Exercise requirements:
Each line of the data below from the one holding "Poetic Translation - Lyrics" to the one holding "本文的样本观测值为2019年", inclusive, is to be reproduced exactly; no other line belongs in the answer.

Excerpts from a dataset:
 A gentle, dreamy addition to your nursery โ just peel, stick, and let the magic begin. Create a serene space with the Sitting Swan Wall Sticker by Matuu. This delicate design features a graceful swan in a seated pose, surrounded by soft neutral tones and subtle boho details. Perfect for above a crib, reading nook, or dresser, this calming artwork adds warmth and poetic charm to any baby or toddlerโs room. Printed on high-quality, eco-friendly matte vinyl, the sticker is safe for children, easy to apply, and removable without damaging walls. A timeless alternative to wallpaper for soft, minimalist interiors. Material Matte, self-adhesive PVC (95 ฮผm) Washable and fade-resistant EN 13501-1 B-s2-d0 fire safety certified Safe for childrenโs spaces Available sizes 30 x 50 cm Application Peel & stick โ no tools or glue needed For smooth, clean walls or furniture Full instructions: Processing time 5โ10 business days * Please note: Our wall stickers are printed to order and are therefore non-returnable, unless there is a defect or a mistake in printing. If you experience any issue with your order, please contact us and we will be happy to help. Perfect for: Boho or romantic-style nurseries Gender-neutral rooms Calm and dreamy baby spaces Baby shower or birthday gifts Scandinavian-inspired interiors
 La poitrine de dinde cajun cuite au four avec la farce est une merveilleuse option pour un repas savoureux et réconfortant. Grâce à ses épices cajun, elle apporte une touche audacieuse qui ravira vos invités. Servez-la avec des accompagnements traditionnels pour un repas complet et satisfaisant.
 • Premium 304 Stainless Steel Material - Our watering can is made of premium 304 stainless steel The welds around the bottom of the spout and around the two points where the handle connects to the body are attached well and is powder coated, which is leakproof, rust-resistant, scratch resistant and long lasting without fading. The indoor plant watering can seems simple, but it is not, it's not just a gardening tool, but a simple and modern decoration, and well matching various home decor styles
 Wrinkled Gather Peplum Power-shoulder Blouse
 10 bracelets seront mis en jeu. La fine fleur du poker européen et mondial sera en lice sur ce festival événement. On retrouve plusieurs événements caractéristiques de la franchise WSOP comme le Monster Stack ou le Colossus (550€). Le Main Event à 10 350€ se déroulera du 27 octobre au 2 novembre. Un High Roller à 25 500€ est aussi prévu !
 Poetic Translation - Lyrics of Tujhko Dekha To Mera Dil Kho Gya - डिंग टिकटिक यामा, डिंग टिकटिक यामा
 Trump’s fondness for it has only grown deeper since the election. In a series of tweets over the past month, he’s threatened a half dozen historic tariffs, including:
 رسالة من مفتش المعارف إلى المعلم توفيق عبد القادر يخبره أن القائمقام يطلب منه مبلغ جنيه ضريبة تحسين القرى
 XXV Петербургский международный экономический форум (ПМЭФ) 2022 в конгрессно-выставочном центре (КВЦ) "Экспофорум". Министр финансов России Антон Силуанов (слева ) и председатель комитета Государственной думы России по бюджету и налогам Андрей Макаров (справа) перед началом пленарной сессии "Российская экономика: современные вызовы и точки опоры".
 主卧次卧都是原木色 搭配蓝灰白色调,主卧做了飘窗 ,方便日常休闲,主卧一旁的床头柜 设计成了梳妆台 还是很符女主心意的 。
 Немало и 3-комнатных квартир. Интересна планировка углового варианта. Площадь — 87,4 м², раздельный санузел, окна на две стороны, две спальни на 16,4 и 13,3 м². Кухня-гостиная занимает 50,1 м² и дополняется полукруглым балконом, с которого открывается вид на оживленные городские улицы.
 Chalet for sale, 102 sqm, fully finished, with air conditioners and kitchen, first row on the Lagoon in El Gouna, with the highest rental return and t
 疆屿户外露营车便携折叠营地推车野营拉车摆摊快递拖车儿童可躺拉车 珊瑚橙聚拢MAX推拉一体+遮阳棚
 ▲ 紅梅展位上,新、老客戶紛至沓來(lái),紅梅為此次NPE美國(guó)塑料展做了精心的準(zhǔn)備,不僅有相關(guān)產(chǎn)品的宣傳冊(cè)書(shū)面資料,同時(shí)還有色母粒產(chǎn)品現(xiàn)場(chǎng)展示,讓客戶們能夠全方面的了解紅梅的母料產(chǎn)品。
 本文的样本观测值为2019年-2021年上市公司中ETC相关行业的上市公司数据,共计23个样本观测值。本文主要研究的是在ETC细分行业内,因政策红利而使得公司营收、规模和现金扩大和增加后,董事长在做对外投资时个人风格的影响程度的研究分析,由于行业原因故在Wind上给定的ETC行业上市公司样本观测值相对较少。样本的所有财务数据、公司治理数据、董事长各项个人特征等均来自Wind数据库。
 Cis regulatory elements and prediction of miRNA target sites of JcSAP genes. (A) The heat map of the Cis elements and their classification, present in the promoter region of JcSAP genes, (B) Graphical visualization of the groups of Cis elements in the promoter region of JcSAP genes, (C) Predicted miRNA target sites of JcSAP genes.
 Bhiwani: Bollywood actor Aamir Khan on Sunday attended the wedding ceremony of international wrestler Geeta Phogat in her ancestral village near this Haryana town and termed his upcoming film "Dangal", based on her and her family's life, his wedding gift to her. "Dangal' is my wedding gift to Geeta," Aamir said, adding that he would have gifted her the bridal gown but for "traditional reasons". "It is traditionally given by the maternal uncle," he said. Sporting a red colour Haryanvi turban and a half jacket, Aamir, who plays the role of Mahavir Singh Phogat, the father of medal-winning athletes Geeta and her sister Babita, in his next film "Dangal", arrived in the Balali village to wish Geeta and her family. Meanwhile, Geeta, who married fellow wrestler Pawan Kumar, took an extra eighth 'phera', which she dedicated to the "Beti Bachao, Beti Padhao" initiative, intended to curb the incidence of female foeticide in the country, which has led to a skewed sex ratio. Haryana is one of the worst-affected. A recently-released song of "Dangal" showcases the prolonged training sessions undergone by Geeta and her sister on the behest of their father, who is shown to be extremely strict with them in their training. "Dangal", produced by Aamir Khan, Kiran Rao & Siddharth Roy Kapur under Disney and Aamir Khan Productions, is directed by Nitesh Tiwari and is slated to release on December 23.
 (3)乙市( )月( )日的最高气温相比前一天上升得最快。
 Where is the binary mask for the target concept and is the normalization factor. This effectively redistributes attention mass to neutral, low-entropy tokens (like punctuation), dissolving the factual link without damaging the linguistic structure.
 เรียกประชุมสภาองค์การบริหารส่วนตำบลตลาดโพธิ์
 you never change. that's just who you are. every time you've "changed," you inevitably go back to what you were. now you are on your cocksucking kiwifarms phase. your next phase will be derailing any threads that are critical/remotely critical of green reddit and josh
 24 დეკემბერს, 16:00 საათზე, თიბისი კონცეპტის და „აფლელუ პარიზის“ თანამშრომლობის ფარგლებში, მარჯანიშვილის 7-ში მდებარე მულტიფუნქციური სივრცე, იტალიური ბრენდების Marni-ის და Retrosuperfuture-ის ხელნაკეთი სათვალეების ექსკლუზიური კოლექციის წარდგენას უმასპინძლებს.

Task solution:
 Poetic Translation - Lyrics of Tujhko Dekha To Mera Dil Kho Gya - डिंग टिकटिक यामा, डिंग टिकटिक यामा
 Trump’s fondness for it has only grown deeper since the election. In a series of tweets over the past month, he’s threatened a half dozen historic tariffs, including:
 رسالة من مفتش المعارف إلى المعلم توفيق عبد القادر يخبره أن القائمقام يطلب منه مبلغ جنيه ضريبة تحسين القرى
 XXV Петербургский международный экономический форум (ПМЭФ) 2022 в конгрессно-выставочном центре (КВЦ) "Экспофорум". Министр финансов России Антон Силуанов (слева ) и председатель комитета Государственной думы России по бюджету и налогам Андрей Макаров (справа) перед началом пленарной сессии "Российская экономика: современные вызовы и точки опоры".
 主卧次卧都是原木色 搭配蓝灰白色调,主卧做了飘窗 ,方便日常休闲,主卧一旁的床头柜 设计成了梳妆台 还是很符女主心意的 。
 Немало и 3-комнатных квартир. Интересна планировка углового варианта. Площадь — 87,4 м², раздельный санузел, окна на две стороны, две спальни на 16,4 и 13,3 м². Кухня-гостиная занимает 50,1 м² и дополняется полукруглым балконом, с которого открывается вид на оживленные городские улицы.
 Chalet for sale, 102 sqm, fully finished, with air conditioners and kitchen, first row on the Lagoon in El Gouna, with the highest rental return and t
 疆屿户外露营车便携折叠营地推车野营拉车摆摊快递拖车儿童可躺拉车 珊瑚橙聚拢MAX推拉一体+遮阳棚
 ▲ 紅梅展位上,新、老客戶紛至沓來(lái),紅梅為此次NPE美國(guó)塑料展做了精心的準(zhǔn)備,不僅有相關(guān)產(chǎn)品的宣傳冊(cè)書(shū)面資料,同時(shí)還有色母粒產(chǎn)品現(xiàn)場(chǎng)展示,讓客戶們能夠全方面的了解紅梅的母料產(chǎn)品。
 本文的样本观测值为2019年-2021年上市公司中ETC相关行业的上市公司数据,共计23个样本观测值。本文主要研究的是在ETC细分行业内,因政策红利而使得公司营收、规模和现金扩大和增加后,董事长在做对外投资时个人风格的影响程度的研究分析,由于行业原因故在Wind上给定的ETC行业上市公司样本观测值相对较少。样本的所有财务数据、公司治理数据、董事长各项个人特征等均来自Wind数据库。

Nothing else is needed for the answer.